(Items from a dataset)
++++++++++

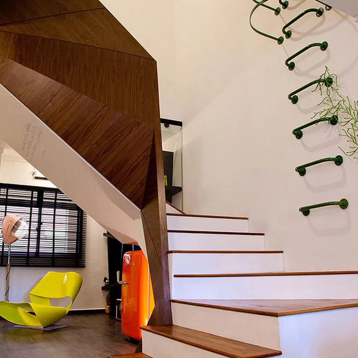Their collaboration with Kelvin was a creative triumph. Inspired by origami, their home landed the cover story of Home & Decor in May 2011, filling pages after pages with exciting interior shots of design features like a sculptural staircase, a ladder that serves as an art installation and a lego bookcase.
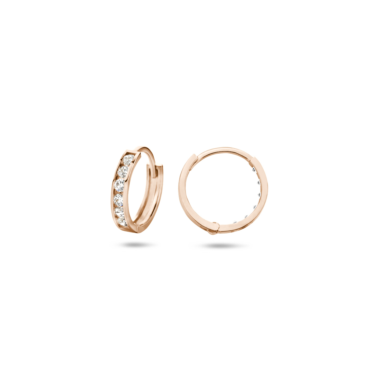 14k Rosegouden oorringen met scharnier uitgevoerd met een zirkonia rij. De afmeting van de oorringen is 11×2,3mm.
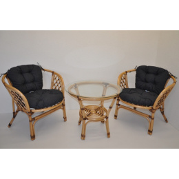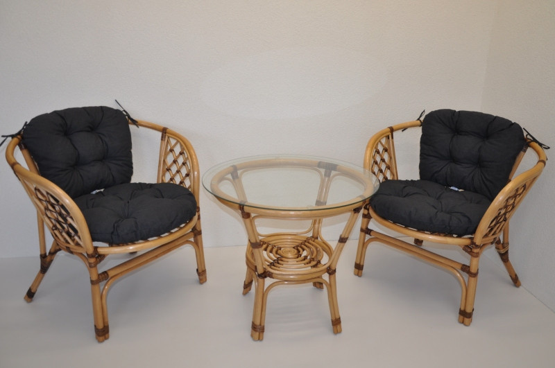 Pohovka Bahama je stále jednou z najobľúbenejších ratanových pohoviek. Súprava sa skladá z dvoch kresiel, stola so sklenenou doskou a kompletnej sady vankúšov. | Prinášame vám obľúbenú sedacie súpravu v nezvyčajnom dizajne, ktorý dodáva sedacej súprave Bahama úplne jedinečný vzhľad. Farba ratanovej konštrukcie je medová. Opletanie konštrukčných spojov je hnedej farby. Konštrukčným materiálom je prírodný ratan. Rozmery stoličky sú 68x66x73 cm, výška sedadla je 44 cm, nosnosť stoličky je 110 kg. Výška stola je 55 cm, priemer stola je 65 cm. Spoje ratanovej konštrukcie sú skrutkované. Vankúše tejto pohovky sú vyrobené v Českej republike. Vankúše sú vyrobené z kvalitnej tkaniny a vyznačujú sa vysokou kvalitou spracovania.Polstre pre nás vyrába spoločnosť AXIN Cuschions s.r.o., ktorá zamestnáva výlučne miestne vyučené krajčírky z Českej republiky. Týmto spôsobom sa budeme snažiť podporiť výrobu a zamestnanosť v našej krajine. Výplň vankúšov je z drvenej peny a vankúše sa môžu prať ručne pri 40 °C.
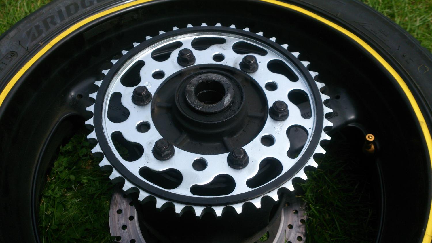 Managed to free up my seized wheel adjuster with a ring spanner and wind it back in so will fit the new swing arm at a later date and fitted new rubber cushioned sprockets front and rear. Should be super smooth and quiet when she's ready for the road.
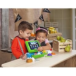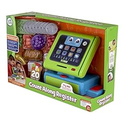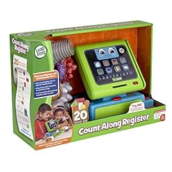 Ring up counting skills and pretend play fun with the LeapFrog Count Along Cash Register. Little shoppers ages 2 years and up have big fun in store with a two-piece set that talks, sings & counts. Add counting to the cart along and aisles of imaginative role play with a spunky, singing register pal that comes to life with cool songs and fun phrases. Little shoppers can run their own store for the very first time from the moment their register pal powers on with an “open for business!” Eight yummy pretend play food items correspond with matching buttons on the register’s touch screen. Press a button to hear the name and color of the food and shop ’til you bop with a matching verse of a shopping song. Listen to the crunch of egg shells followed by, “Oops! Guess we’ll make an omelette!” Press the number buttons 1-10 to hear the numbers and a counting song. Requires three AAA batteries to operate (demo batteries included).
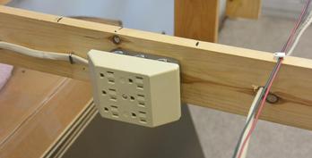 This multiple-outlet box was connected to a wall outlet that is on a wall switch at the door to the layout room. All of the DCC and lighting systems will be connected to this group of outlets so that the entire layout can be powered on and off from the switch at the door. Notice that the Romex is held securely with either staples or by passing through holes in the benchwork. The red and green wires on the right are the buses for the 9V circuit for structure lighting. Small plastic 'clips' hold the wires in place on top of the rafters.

++++++++++

_TO DO_. For this answer, return word for word the lines from the first line of the records through the line containing "14k Rosegouden oorringen". Omit the pictures.

_EXERCISE RESPONSE_.
Their collaboration with Kelvin was a creative triumph. Inspired by origami, their home landed the cover story of Home & Decor in May 2011, filling pages after pages with exciting interior shots of design features like a sculptural staircase, a ladder that serves as an art installation and a lego bookcase.
 14k Rosegouden oorringen met scharnier uitgevoerd met een zirkonia rij. De afmeting van de oorringen is 11×2,3mm.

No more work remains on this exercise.